Paraguay is tightening its financial controls over Bitcoin (BTC) and cryptocurrencies through its National Department of Taxation and Revenue (DNIT) amid a transformation of its financial markets. The South American country is formalizing a new monitoring framework for activities with digital assets by issuing General Resolution No. 47/26 on March 11, 2026.
The document reveals that the authorities have imposed an obligation on platforms and administrators to report in detail each transaction made by users. countermeasure Aims to integrate Bitcoin and other digital assets into national collection infrastructure.
The resolution requires the submission of an affidavit containing exhaustive technical data, including the address of the wallet, the network used, and even hashes of each operation.
Although the administration has defended the measure as necessary to reduce opacity and monitor the expansion of economic activity, the sensitive data requirements have sparked initial debates about the scope of state surveillance and the right to economic privacy in a decentralized environment.
However, this measure is part of complying with the recommendations of the Financial Action Task Force (FATF), and starting in 2019, countries will Regulating crypto assets as part of the fight against money laundering and terrorist financing.
In its February 2025 and 2026 updates reported by CriptoNoticias, the FATF highlights the need for increased transparency in digital asset transactions, including detailed reporting and risk mitigation at service providers and non-custodial wallets. As a member of GAFILAT, Paraguay is therefore moving forward along these lines to strengthen its anti-money laundering systems and avoid increased international scrutiny.
This cross-sectional audit takes place during the country’s legal transition period under the influence of Law No. 7572/2025 on securities and product markets. It is important to distinguish that while the Securities and Supervisory Board (SIV) specifically supervises tokenized assets representing trust and property rights, the new DNIT regulations will implement tax oversight that covers all operations involving the use of decentralized cryptocurrencies as a medium of exchange.
Crypto-assets ambitions and administrative burdens in Paraguay
Paraguay’s government aims to professionalize its capital markets, and capital market participation as a percentage of national GDP has jumped from 1% to 15% over the past decade.
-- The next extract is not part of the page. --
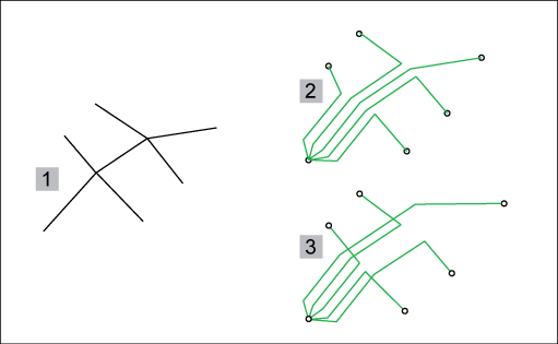 Por ejemplo, utilice la opción Segmentos menos comunes en primer lugar (3), si todos los puntos iniciales y finales de los conductores se encuentran en la línea principal.
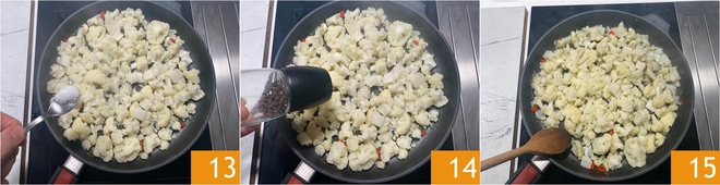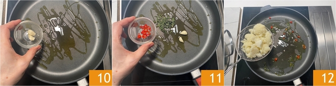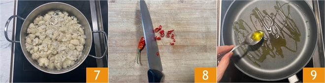 Faites revenir avec les gousses d'ail épluchées 10 et le piment coupé 11. Une fois cuit, égouttez le chou-fleur à l'aide d'une écumoire et transférez-le dans la poêle avec un peu de son eau de cuisson 12.

Securities Commissioner Rodrigo Ruiz said in November 2025 that “the first generation of enabling regulations will be completed in 2026, and innovations such as private funds and tokenization will advance.”
However, the comments inside are Bitcoin community raises questions The effectiveness of the legal framework will depend on whether bureaucratic burdens and fiscal oversight do not impede the adoption of the technologies that the standard seeks to promote.
Meanwhile, the Paraguayan government is also preparing to mine 30,000 confiscated machines for Bitcoin, with a particular focus on real asset tokenization (RWA) in the agricultural and real estate sectors. The company’s stated goal is to attract foreign investment and reduce intermediary costs through the use of smart contracts, which will now be subject to mandatory audits.
In order to strengthen the institutional transparency of this process, it is planned this year to complete the functional independence of the Paraguayan Stock Exchange (Cavapi) and separate the custody of assets from the trading functions of the stock market.
With this series of measures, Paraguay seeks to balance its ambition to become a competitive regional node with the need to establish tight fiscal controls. The success of this model lies in its ability to provide legal security to institutional investors without shifting the operations of individual users to channels that are not supervised by the state.